Do you have thoughts on the difference between intentional and unintentional diffusion?
Intentional. Country A actively tries to export its policies. Perhaps it is trying to establish itself as a leader on a specific issue, or shape global standards in a way that benefits local companies. The literature on “niche diplomacy” might be somewhat relevant here.
Unintentional. A is “doing its own thing”, and isn’t going out of its way to export its ideas. Possible implications:
The path to impact from A to influential country B is fuzzier.
It might be harder for someone working in A to tell who is learning from their policies. So we’d need people working in B to tell people in A that they’re having an impact.
Also, getting people to pursue this path might be challenging because of things like status effects and people preferring to live in EA hubs.

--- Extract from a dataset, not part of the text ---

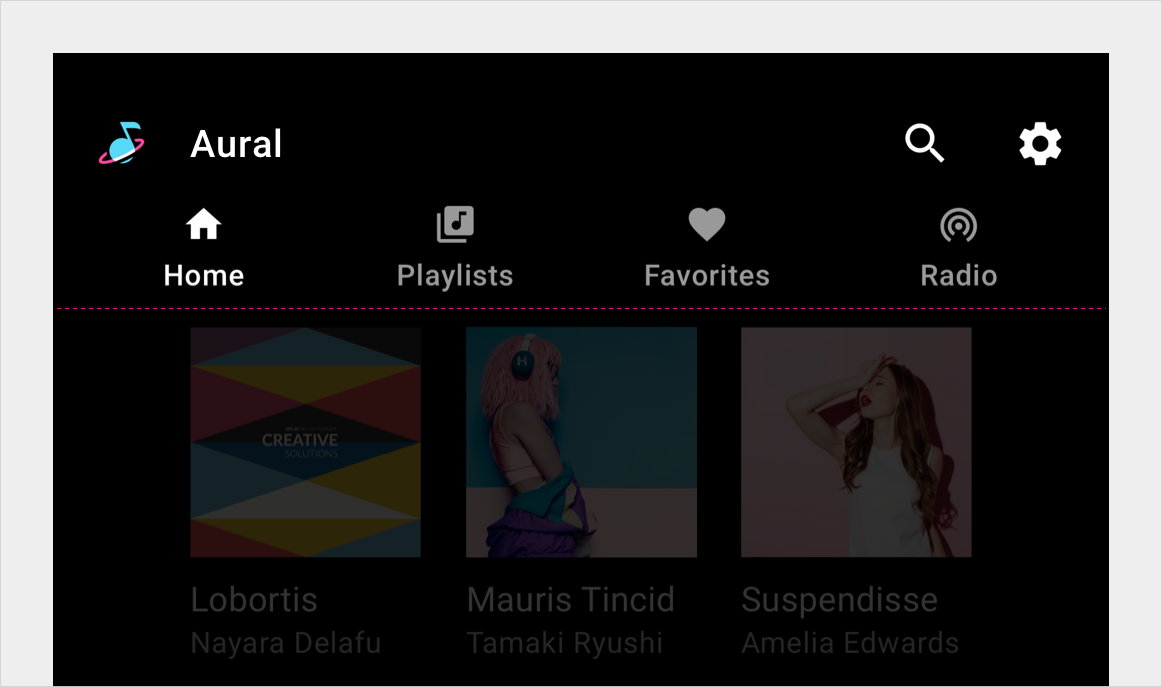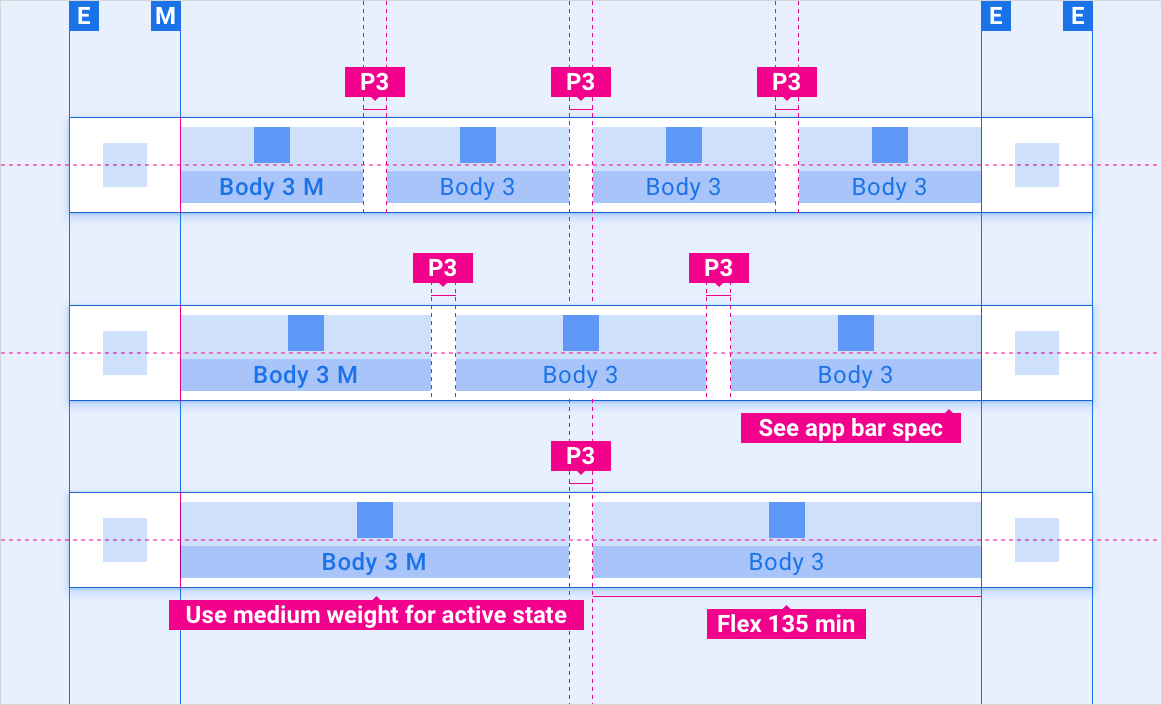 כרטיסיות שמוצבות בסרגל האפליקציות - יישור גמיש

Hi Jia, I don’t know much about policy diffusion, unfortunately. From the brief reading I have done, both seem to occur. Learning from other governments appears to be important; according to some researchers, exchange via membership in international organisations is a central causal factor. “Intentional” governments could make active engagement in these a higher priority.
Thanks for this post—this seems like an important and under-discussed idea!
I think that that should indeed help increase the status that people can expect from pursuing this path, and thereby reduce the extent to which worries about status will stop people going into this path. But I’d guess that what Jia had in mind might’ve been primarily about status within EA/among EAs.
In general, EAs might be biased towards roles in explicitly EA organisations partly because that gives them more status among other EAs, because it’s easier for other EAs to understand whether and why those roles are important. If you’re doing a really important role in some important government/foundation/company, other EAs may just not know whether or why that role or org is important. (See e.g. here and here for some similar arguments.)
And this issue may be more intense the less well known or influential-seeming the government/foundation/company is. So this might make EAs biased towards working at EA orgs rather than the US government, and being towards the latter rather than a smaller and more innovation government.
This definitely isn’t a reason why we shouldn’t highlight the value of this path, though—if anything, it would push in favour of saying more loudly and more often how useful this path would be! (Conditional on this path indeed being a good idea, which I’d currently guess it is.) That way, we can increase how well EAs understand the value of this path, and thus allow people pursuing this path to get a more appropriate level of status (relative to e.g. people working at EA orgs).
(I’d probably prefer it if people in general cared less about status. But I think a lot of people do care about status, myself included, and it seems hard to make oneself care substantially less. So it might sometimes be best to just try to make status more aligned with impact.)
Governments may also compete on being innovative, adding to your diffusion point.